What is needed here is an exact repetition of the records below, beginning at the line that has "Gullfargede øredobber med" and stopping after the line that has "Beads Lace Fabric".

Collection entries:
++++++++++++++++++++
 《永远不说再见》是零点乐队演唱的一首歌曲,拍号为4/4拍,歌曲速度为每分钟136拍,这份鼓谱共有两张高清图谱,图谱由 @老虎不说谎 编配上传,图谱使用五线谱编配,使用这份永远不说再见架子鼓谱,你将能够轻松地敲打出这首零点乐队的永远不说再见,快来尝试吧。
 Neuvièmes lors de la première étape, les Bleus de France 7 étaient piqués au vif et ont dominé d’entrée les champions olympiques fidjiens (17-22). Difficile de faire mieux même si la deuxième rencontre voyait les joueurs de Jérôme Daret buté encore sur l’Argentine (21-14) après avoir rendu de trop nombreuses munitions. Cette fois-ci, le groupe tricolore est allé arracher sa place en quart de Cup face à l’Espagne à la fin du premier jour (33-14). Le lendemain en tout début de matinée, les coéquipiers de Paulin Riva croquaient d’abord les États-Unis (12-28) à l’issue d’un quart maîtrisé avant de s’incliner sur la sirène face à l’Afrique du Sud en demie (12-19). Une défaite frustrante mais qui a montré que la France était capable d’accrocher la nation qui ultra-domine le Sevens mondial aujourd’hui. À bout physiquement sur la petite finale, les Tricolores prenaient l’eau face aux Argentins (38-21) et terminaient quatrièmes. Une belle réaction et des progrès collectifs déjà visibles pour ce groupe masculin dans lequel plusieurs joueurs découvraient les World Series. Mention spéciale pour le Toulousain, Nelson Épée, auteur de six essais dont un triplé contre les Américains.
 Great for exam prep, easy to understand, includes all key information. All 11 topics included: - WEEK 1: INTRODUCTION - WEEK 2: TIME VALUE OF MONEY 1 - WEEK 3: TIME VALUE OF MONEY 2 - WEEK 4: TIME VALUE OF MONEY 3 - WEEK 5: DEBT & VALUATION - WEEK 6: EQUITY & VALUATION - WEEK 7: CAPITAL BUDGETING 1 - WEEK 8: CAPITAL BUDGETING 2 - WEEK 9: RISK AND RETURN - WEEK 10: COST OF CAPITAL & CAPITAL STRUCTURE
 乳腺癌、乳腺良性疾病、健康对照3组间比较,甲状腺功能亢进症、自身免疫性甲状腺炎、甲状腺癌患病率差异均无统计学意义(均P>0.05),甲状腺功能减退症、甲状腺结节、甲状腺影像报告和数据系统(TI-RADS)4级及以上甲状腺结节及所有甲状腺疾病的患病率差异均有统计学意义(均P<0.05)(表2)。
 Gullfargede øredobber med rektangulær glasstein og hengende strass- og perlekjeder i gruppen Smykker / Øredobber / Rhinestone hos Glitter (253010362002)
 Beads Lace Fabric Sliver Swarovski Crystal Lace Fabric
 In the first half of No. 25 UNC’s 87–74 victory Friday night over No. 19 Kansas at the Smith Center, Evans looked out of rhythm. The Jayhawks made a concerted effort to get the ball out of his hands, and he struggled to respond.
++++++++++++++++++++
§ **Task result**:
 Gullfargede øredobber med rektangulær glasstein og hengende strass- og perlekjeder i gruppen Smykker / Øredobber / Rhinestone hos Glitter (253010362002)
 Beads Lace Fabric Sliver Swarovski Crystal Lace Fabric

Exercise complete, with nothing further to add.